The vast majority of grinding will be over a small area of the platen. I think this is the main reason people stick pyroceram fireplace glass to the steel plate to prevent wear. The length of the platen might help flatening the edge before grinding or flatening the spine. Maybe it could also be helpful for distal taper. It really depends on what other equipment you have for these type of things.

I forgot to mention that platens cause significant drag, so the longer the more power you need.


----------



## RRLOVER (Dec 9, 2011)

I made a 6" and a 10" platen out of 2"x1" 6061 t6 al. with a glass liner.


----------



## jmforge (Dec 9, 2011)

Good point. On blades the size of the typical kitchen knife, you can grind lengthwise on a normal vertical platen without removing pieces of your fingers as long as it is not in intergral. Pyroceram or graphite/carbon fabric are good stuff but they do have certain disadvantages. Using either means that you can only use one side of the platen. With the plain steel platen typical on a KMG, you can use both sides and have two or even four different radii on the edges. Also, the edges of the pyroceram can get chipped out, so you need to be careful.


David Metzger said:


> The vast majority of grinding will be over a small area of the platen. I think this is the main reason people stick pyroceram fireplace glass to the steel plate to prevent wear. The length of the platen might help flatening the edge before grinding or flatening the spine. Maybe it could also be helpful for distal taper. It really depends on what other equipment you have for these type of things.
> 
> I forgot to mention that platens cause significant drag, so the longer the more power you need.


----------



## Rottman (Dec 9, 2011)

******* said:


> If you are using actual KMG measurements or parts, then I'm pretty sure that you want the 8 inch platen. Also remember to make the tooling arm longer than the regular KMG one. Your 2000mm belts are about 10% longer than the 72 inch belts that the American machine was designed for.

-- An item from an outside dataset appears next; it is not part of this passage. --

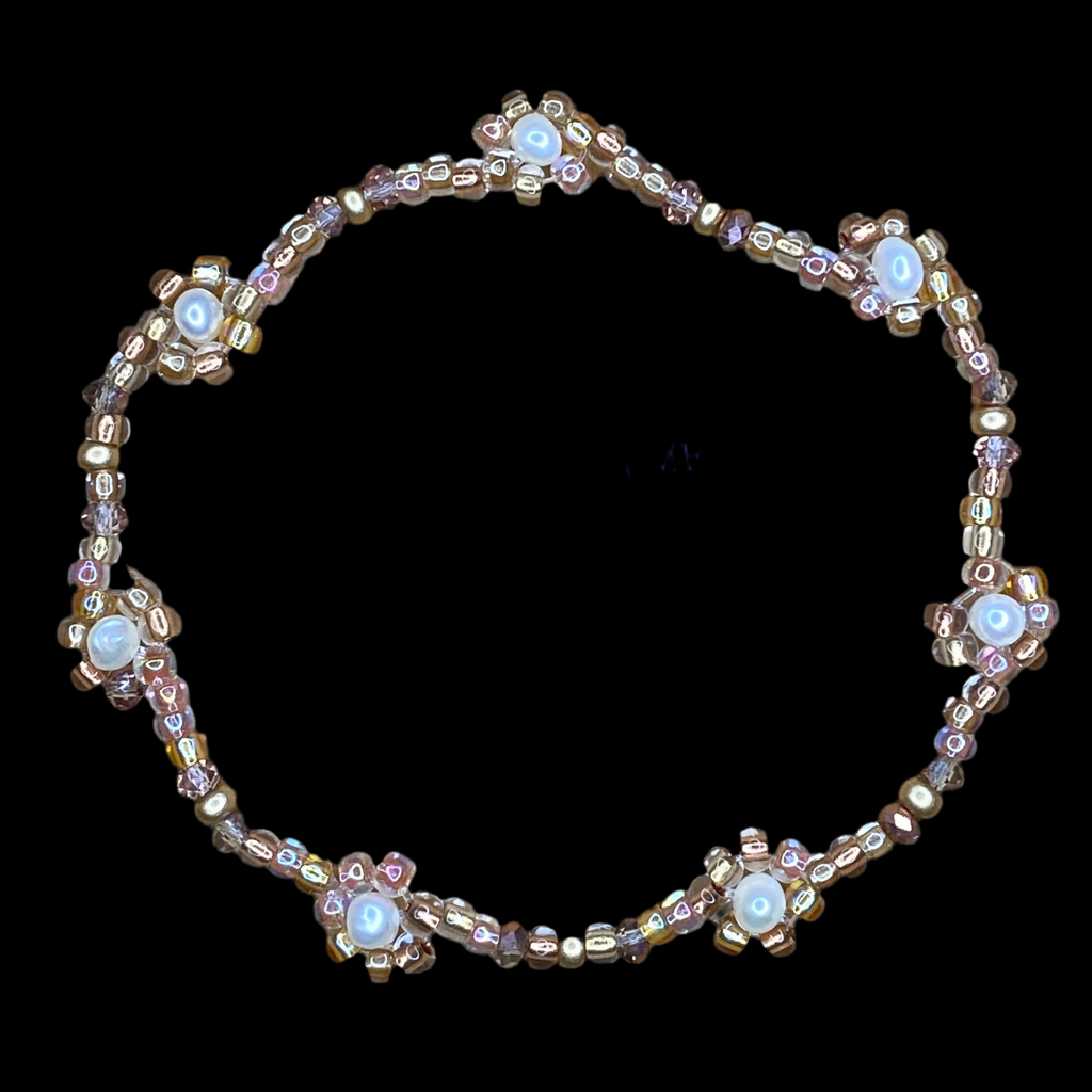The Daisy Rosy Glow Pearl Bracelet is handmade from rose gold Preciosa and Miyuki glass beads with freshwater pearls.  Choose your size and optional 24kt gold vermeil letter in the options.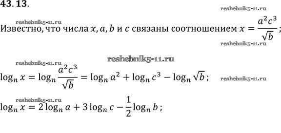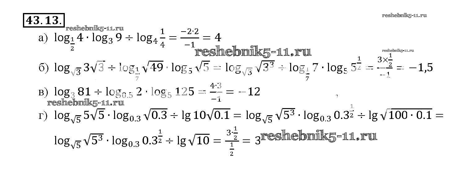 Готовая домашняя работа с ответами по Алгебре за 10, 11 класс Мордкович, Денищева, Корешкова, Мишустина, Семёнов, Тульчинская Задачник Базовый уровень Часть 2 Мнемозина 2015 ФГОС - §43. Свойства логарифмов 43. 13

I don't use KMG measurements, I'm using a KMG inspired plan from British Blades (for 1600-2000 mm belts) that I fit for my needs. Power will be 1.5 KW with VFD.


----------



## l r harner (Dec 9, 2011)

i like the thought of the AL with the pyro glass face as the AL woudl wick more heat away from the platen then the steel one (yes i make mine way hot when grinding )


----------



## RRLOVER (Dec 9, 2011)

l r harner said:


> i like the thought of the AL with the pyro glass face as the AL woudl wick more heat away from the platen then the steel one (yes i make mine way hot when grinding )




The heat reduction was my goal when I made them and it does run cooler then my old steel platen.


----------



## Mike Davis (Dec 11, 2011)

You can also get creative and do a liquid cooled one...SOund like you need to Butch lol. I will do a drawing in a few minutes and post it...I am doing this on mine...Just need a small water tank,an aquarium pump, a few fittings and some rubber hose.


----------



## jmforge (Dec 11, 2011)

I want to build one of those like Brian Fellhoelter made. That looks like it would be a slick little accessory.


Mike Davis said:


> You can also get creative and do a liquid cooled one...SOund like you need to Butch lol. I will do a drawing in a few minutes and post it...I am doing this on mine...Just need a small water tank,an aquarium pump, a few fittings and some rubber hose.


----------